The estimated glomerular filtration rate (eGFR) was calculated using the MDRD equation: eGFR (mL/min/1.73 m2) = 194 × serum creatinine (mg/dL)-1.094 × age(years) -0.287 × 0.739 (for women) [17]. CKD was defined as eGFR < 60 mL/min/1.73 m2 and/or the presence of proteinuria. Early CKD was defined as a confirmed (two consecutive measurements ≥3 months apart) eGFR ≥30 and <60 mL/min/1.73 m2, and advanced CKD was defined as eGFR <30 mL/min/1.73 m2. Urinary protein excretion was examined by dipstick testing and categorized into 5 degrees; -, ±, 1+, 2+, and 3+. Proteinuria was defined as urinary protein ≥1+. Fasting glucose, TC, LDL-c, HDL-c, and TGs were measured using standard laboratory methods. LDL-c was calculated according to the Friedewald formula, and non-HDL-c was calculated by subtracting HDL-c level (mg/dL) from TC level (mg/dL). TG/HDL-c ratio was calculated as TG level (mg/dL) divided by HDL-c level (mg/dL). Non-HDL/HDL-c ratio was calculated as non-HDL-c level (mg/dL) divided by HDL-c level (mg/dL). Central obesity was defined as waist circumference (WC) ≥90 cm for men and ≥85 cm for women [18].

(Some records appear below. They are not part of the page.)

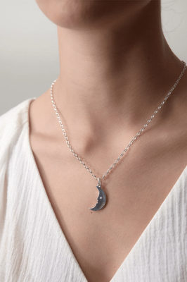 With a twinkle in his eye, an anthropomorphic moon shines like a luminary in the night sky as it hangs from a 45 cm belcher chain to forge Karen Walker's classic Moon Pendant in sterling silver.
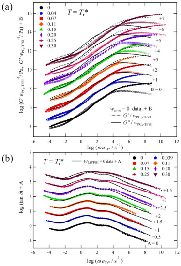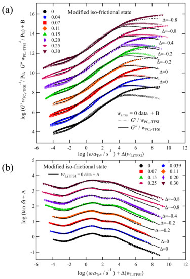 Comparison of (a) and (b) tan δ in the modified iso-frictional state for PC4-TFSI/LiTFSI mixtures with various LiTFSI concentrations. The A and B values are the same as those shown in Figure 10. Horizontal shift factors (Δ) depending on are shown in the figure.
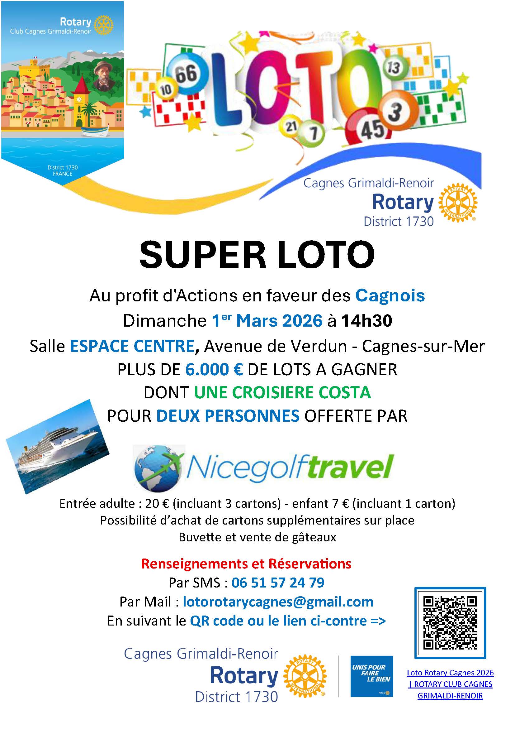 LOTO ANNUEL du RC Cagnes Grimaldi-Renoir - 1er Mars 2026 - Salle Espace Centre

The exposures of interest were serum LDL-c and the TG/HDL-c ratio. Given a possible nonlinear relationship with CVD risk and mortality rates, the parameters were treated as categorical variables and divided into octiles. The reference LDL-c and TG/HDL ratio category for all analyses was the fifth octile, with the exception of LDL-c in the advanced CKD group. This category was chosen as the reference because the median ratio in this study was similar to the normal range that was used in previous studies and derived from the Adult Treatment Panel recommendations (on the basis of optimal LDL-c <110 mg/dL, normal fasting TGs <150 mg/dL and HDL-c >40 mg/dL) [19]. Because LDL-c is normalized or even reduced in more advanced stages of CKD [20], the reference LDL-c level category for patients with advanced CKD was the third octile, which has the lowest hazard ratio (HR).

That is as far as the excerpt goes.